Elon Musk attends the premiere of “Lola” held at the Regency Bruin Theater in Los Angeles, California, USA on February 3, 2024.
Ode Gallucci Reuters
Tesla Plan requires shareholders recover Earlier this year, a Delaware court invalidated a record stock grant, describing it as “seriously flawed,” followed by CEO Elon Musk’s $56 billion in compensation starting in 2018.
The company announced the move in a preliminary agency filing on Wednesday, days after telling employees it would lay off 10% of its employees.
Tesla said the court’s decision raised “fundamental questions” for the company. As a result, Tesla also plans to ask shareholders to let the company move its domicile from Delaware to Texas, something Musk has threatened to do following an adverse court ruling.
Both proposals are likely to be hotly contested. Tesla has hired Innisfree M&A attorneys and plans to spend millions of dollars to help secure votes for both proposals, according to the filing.
Tesla has not hired Innisfree since it first asked shareholders to vote on Musk’s compensation package in 2018. Companies typically only publicize the cost of proxy solicitations when they anticipate a major proposal or proxy fight.
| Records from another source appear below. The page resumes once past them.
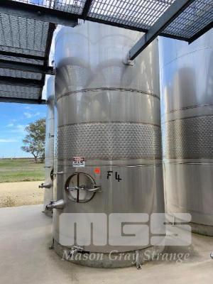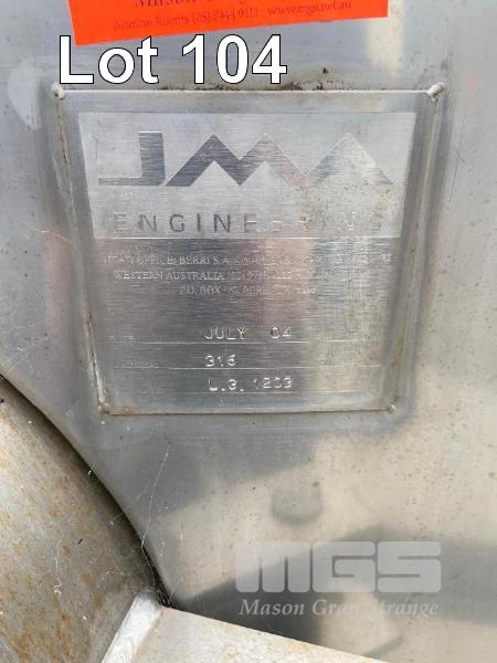 STAINLESS STEEL HOLDING TANK, JMA 2004 12kl CAPACITY STAINLESS STEEL 316 DIMPLING PLATE COOLING KEYSTONE VALVE & FITTINGS 4.6m (H) APPROX ON PLINTH
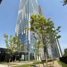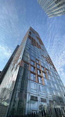 Квартира расположена на 38 этаже, из окон открывается панорамный вид на город. Высокие потолки и панорамные окна наполняют пространство квартиры естественным светом.
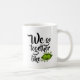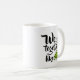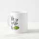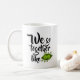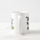 Svart text på en vit mugg som lyder "vi passar ihop som" och längst ner till höger syns två söta gröna ärter i en balja.
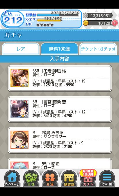 無料100連で怜ちゃん覚醒できた☆
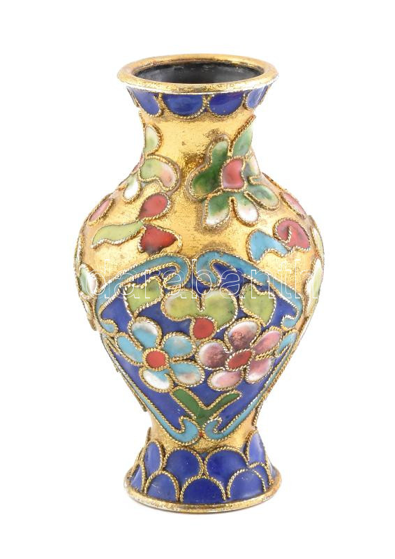 Leírás: Tűzzománcos kis réz váza, jelzés nélkül, m: 7,5 cm
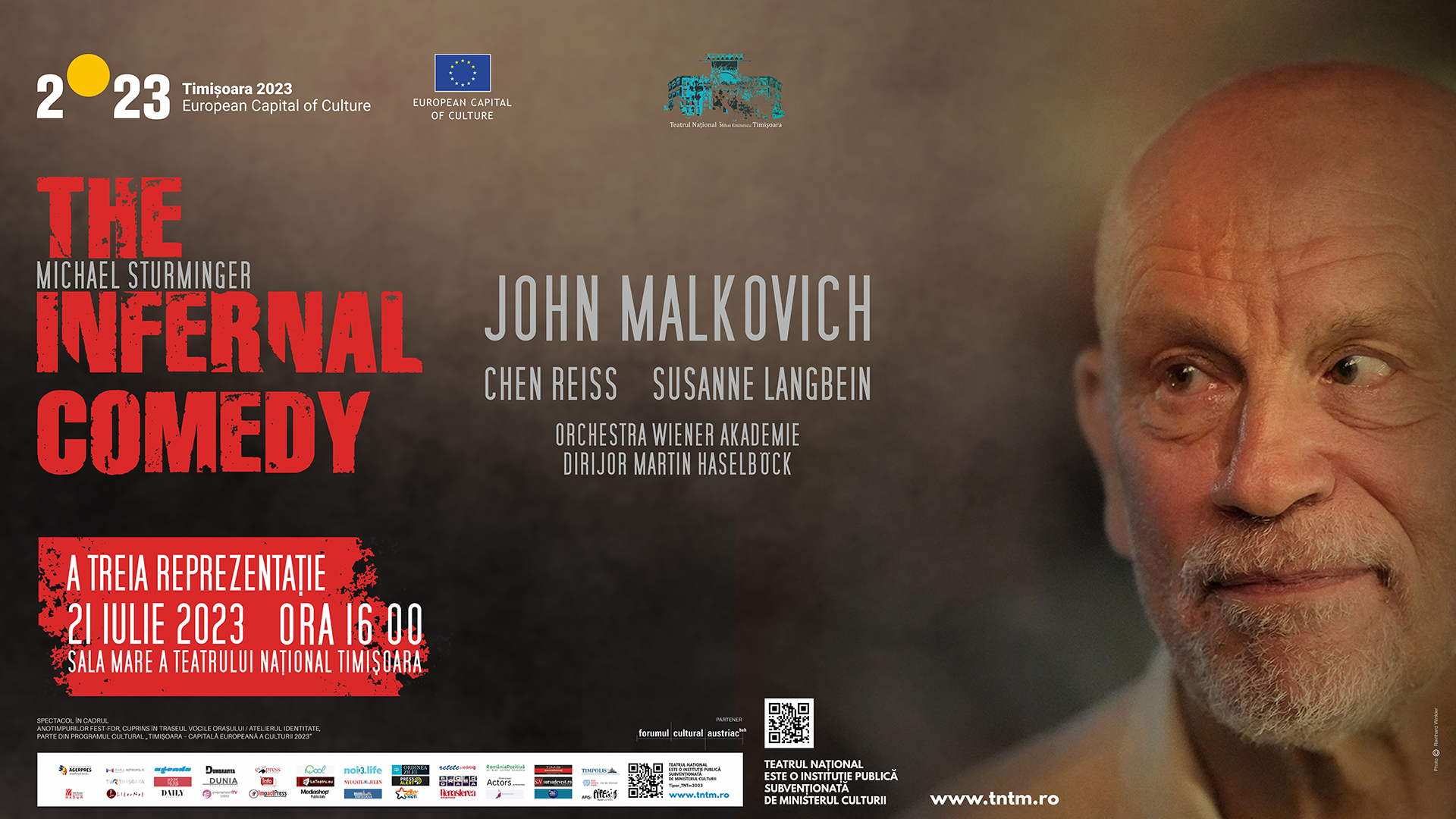Joi, 20 iulie, ora 19:00, și vineri, 21 iulie 2023, de la orele 16:00 și 19:00, Teatrul Național prezintă spectacolul THE INFERNAL COMEDY/COMEDIE INFERNALĂ, avându-l protagonist pe celebrul actor american JOHN MALKOVICH, unul dintre cei mai renumiți actori ai contemporaneității, dublu nominalizat la Oscar, la Globul de Aur și premiile BAFTA.
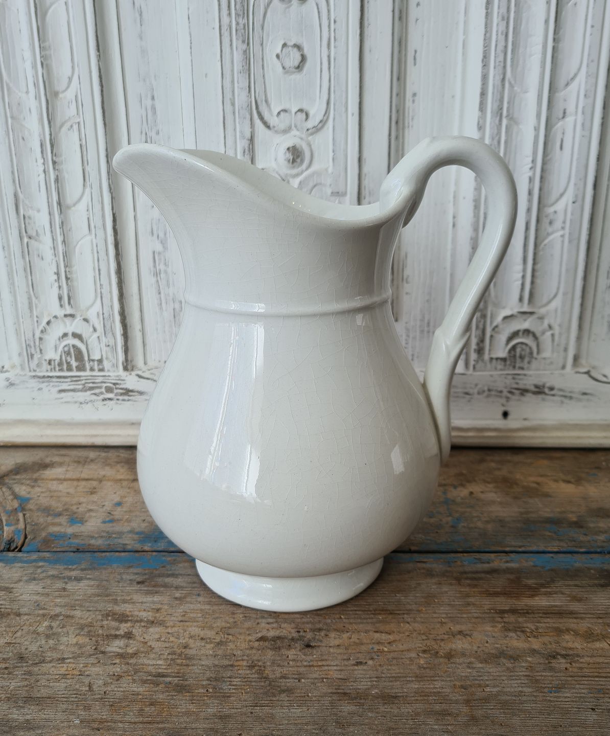 Skøn gammel fajance kande med slangehank fra Aluminia.
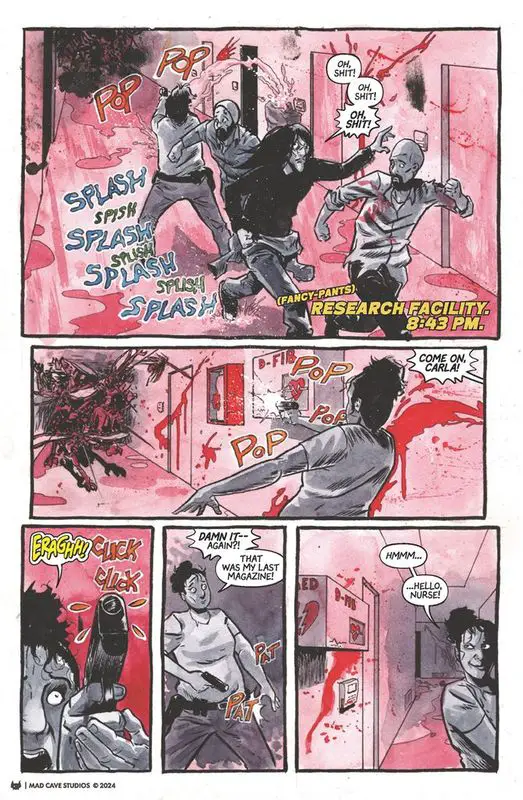 SKEETERS #4, by Mad Cave Studios on 3/13/24, concludes the B-Movie gorefest when Agent Smith stumbles upon an antidote to the alien infection that makes Luis very happy.
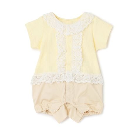 大胆なレースの切り替えで上品さを高めたカバーオールです。上下を異素材にしてコーディネート風にデザインしました。フロントと股部分にスナップボタンがついており、おむつ替えもお着替えもスムーズに行えるのがうれしいポイント。内側にお名前を記入できるタグがついています。【おすすめの着用時期は春夏シーズン】
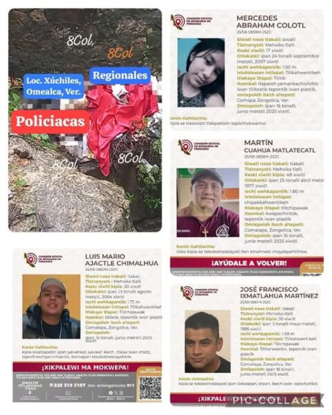 Luis Mario Ajactle Chimalhua de 20 años de edad, Mercedes Abraham Colotl de 17 años, José Francisco Ixmatlahua Martínez, de 30 años de edad, así como Martín Cuahua Matlaltecatl, de 48 años de quién se dijo era el encargado de un centro de rehabilitación en la localidad Comalapa en el municipio de Zongolica Veracruz.

Musk’s pay package came after a shareholder won a lawsuit against the company earlier this year. Delaware Chancery Court President Kathalen McCormick found that Musk, not Tesla’s board, controlled the company and that the board’s compensation committee did not negotiate terms of the deal with Musk , but “working with him, almost as a consultancy”.
Tornetta’s decision prompted Musk to say: “Never register your company in Delaware.”
Tesla, in Wednesday’s filing, expressed doubts about the decision by McCormick, who has been involved in some of Musk’s other legal dealings. “The company and the board of directors believe in this decision tonetta Tesla said in agency filings that the Delaware court ignored important evidence presented at trial and made factual errors and erroneous legal conclusions.
The company also noted that “dozens of institutional shareholders” have told Tesla they disagree with Tornetta’s decision.
Delaware has long been a top location for businesses—more than 60 percent of Fortune 500 companies are registered here—because the state has a robust legal framework and court system dedicated to resolving corporate issues such as executive compensation , as well as broader contract negotiations.
Tesla’s new proposal reminds shareholders that a Delaware court found their original 2018 disclosure to be flawed and urges them to read the full text of the decision.
In January, on the same day the pay package was rejected, Musk asked his X followers whether Tesla should re-register the company in Texas. Months later, Tesla’s board is now asking shareholders to approve their answer to that question.
This is breaking news. Please check back for updates.